I have following solutions, but ...
I dubug the code, It always invoke OAuth2AuthorizationRequest resolve(HttpServletRequest request)but not OAuth2AuthorizationRequest resolve(HttpServletRequest request, String clientRegistrationId) so i can't rewrite OAuth2AuthorizationRequest resolve(HttpServletRequest request, String clientRegistrationId) to get the clientRegistrationId and add different parameter.

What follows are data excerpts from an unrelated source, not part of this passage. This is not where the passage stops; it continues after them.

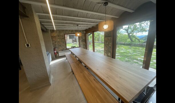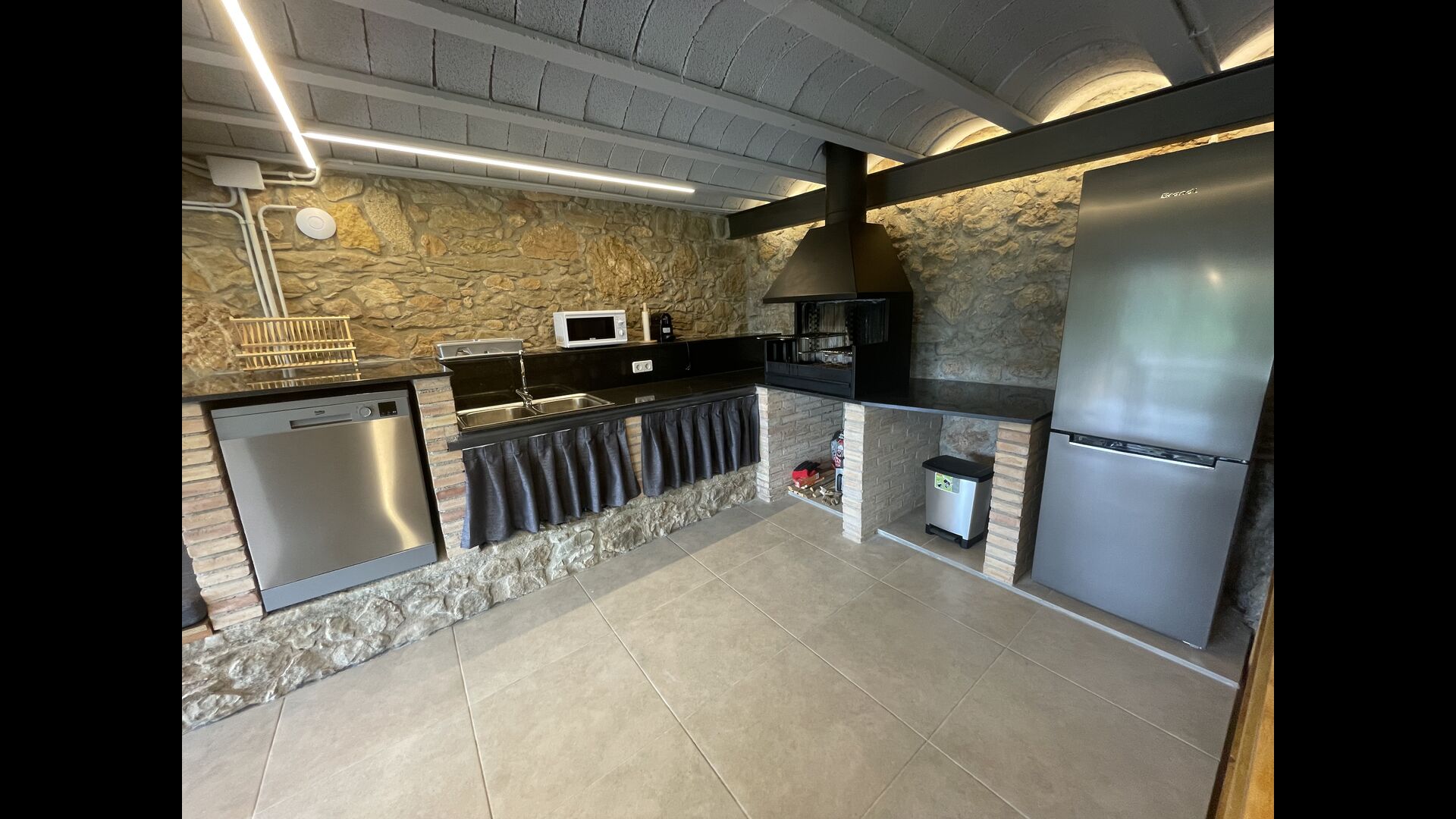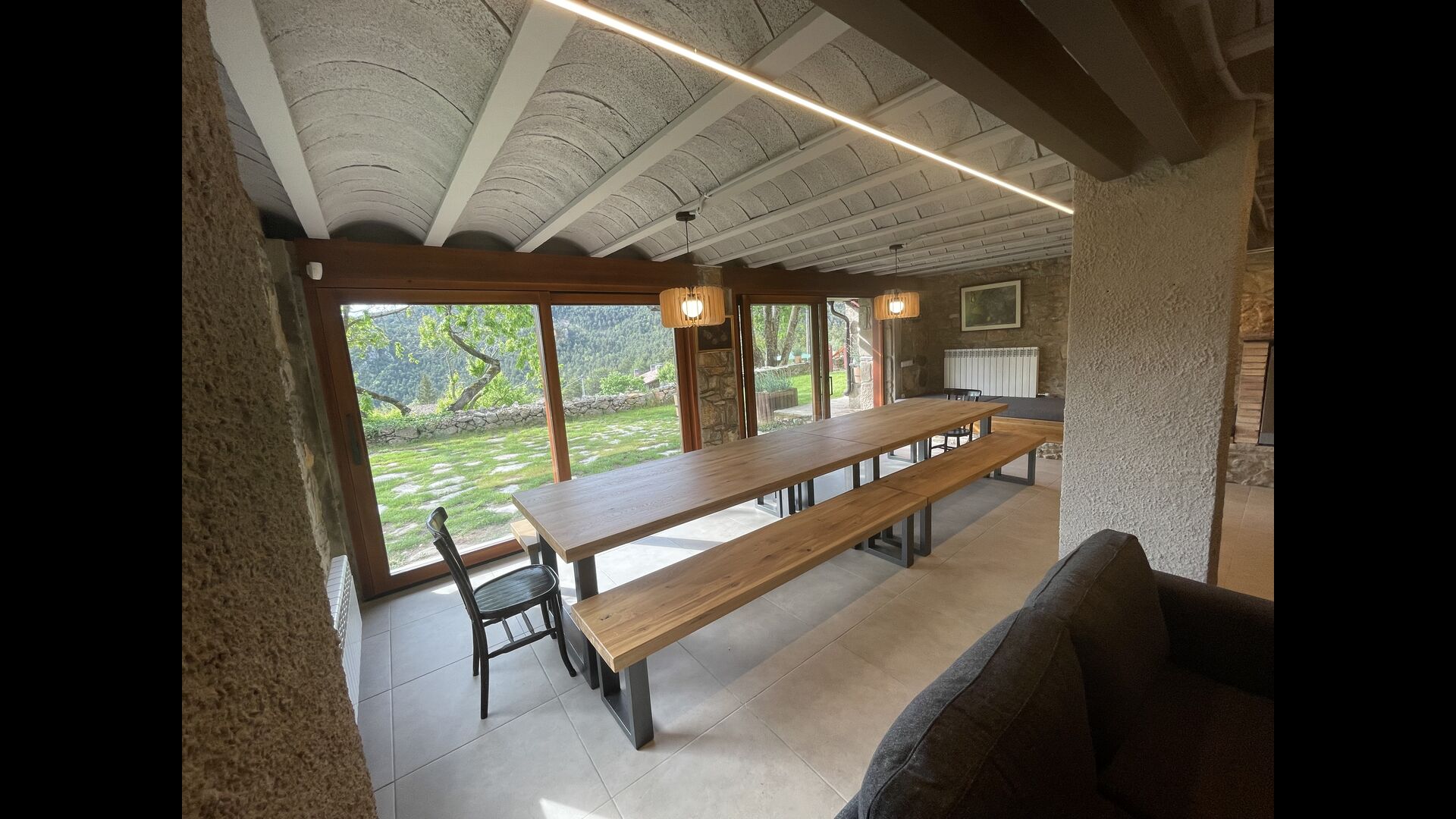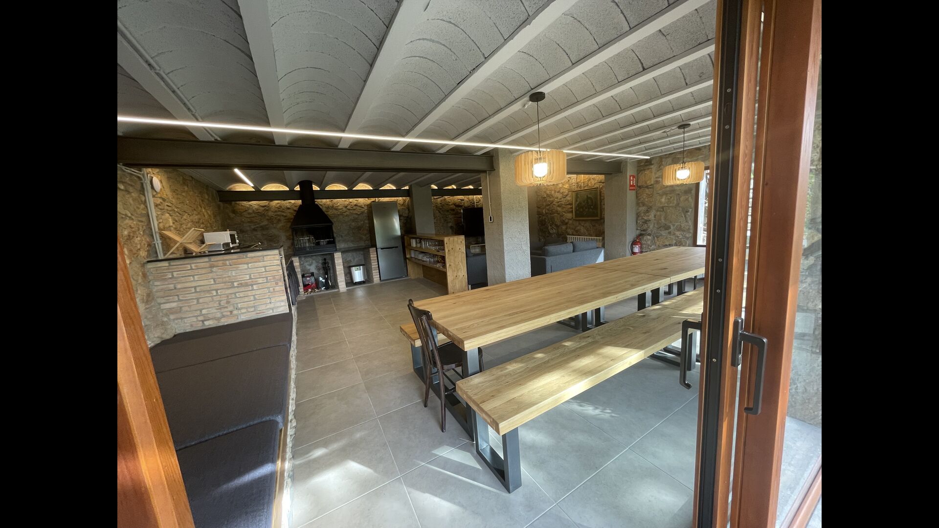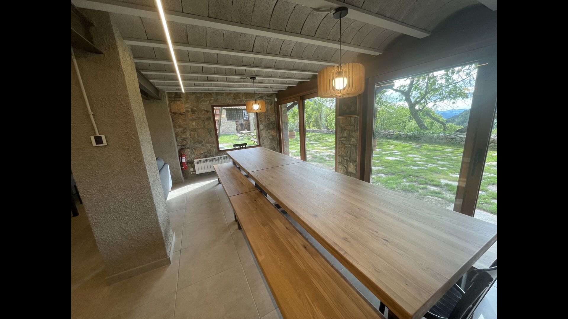 La casa también posee un maravilloso porche/patio, completo con su mesa grande (hasta 14 personas), su nevera/congelador< /strong> y una barbacoa para asar a la parrilla. Perfecto para cenar mientras el sol se pone en el sereno paisaje montañoso que se despliega ante tus ojos, tardes de juegos de mesa y largas charlas con amigos o familiares hasta altas horas de la noche con una buena botella de vino catalán.
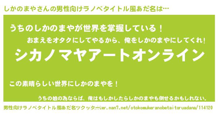 | 胡散臭い通販商品みたいなあだ名 | 『億万長者になれる霊験あらたかなお札…その名も「しかのまや」』 |
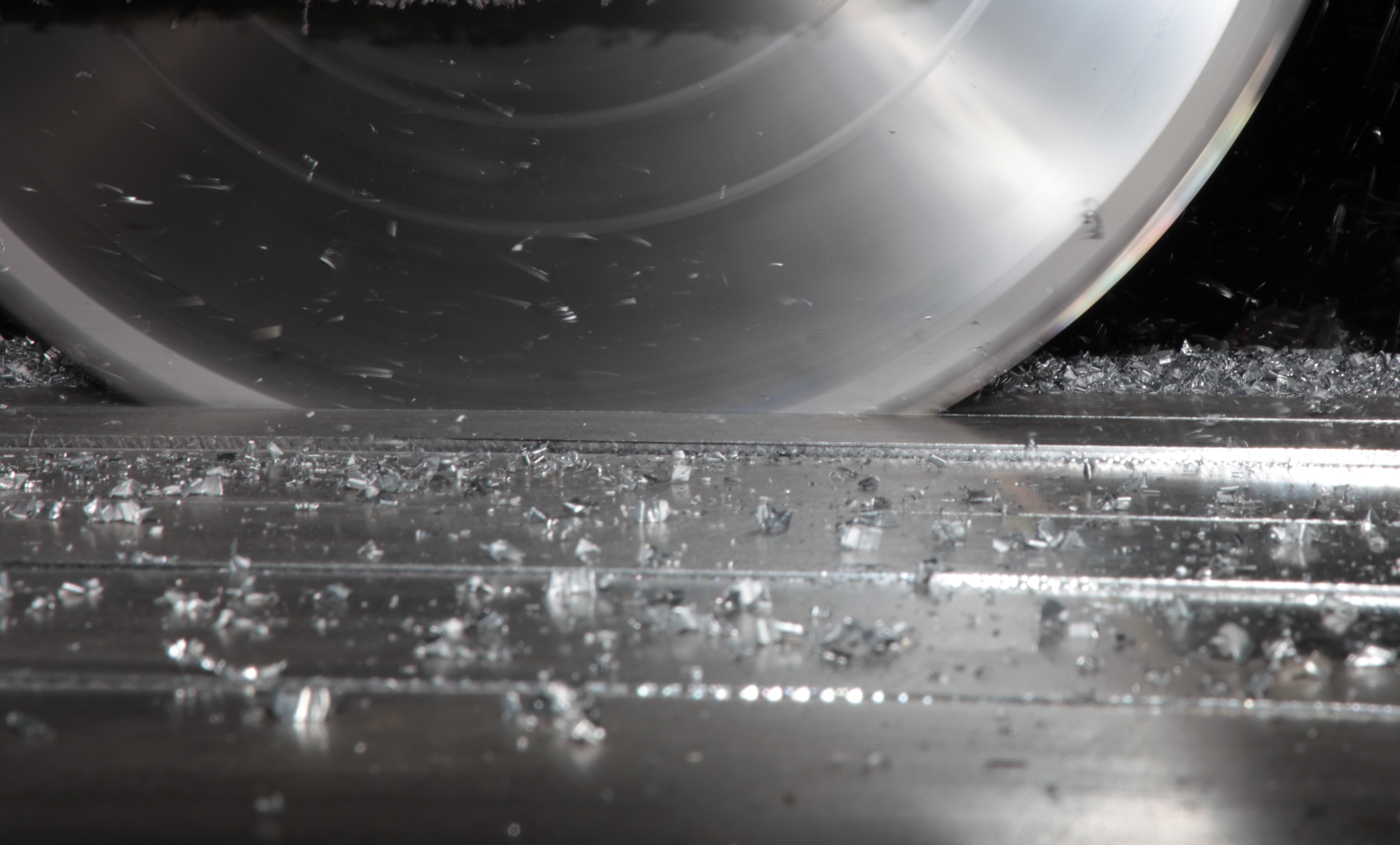 Что в роликах: Резка-торцовка плиты АМГ6 толщиной 200мм, встречное фрезерование, затвор 1/25.000с, 8.000кадр/с.

So I must resolve clientRegistrationId from request in method OAuth2AuthorizationRequest resolve(HttpServletRequest request) , DefaultOAuth2AuthorizationRequestResolver has a method
private String resolveRegistrationId(HttpServletRequest request) {
if (this.authorizationRequestMatcher.matches(request)) {
return this.authorizationRequestMatcher
.extractUriTemplateVariables(request).get(REGISTRATION_ID_URI_VARIABLE_NAME);
}
return null;
}but it is private, and I must transform the code to GoogleOAuthResolver, it is ugly.
Because DefaultOAuth2AuthorizationRequestResolver is final and i can't extend it, If I want to control the resolver I must implements my resolver though implements the interface OAuth2AuthorizationRequestResolver and copy the code from DefaultOAuth2AuthorizationRequestResolver, this is not make sense.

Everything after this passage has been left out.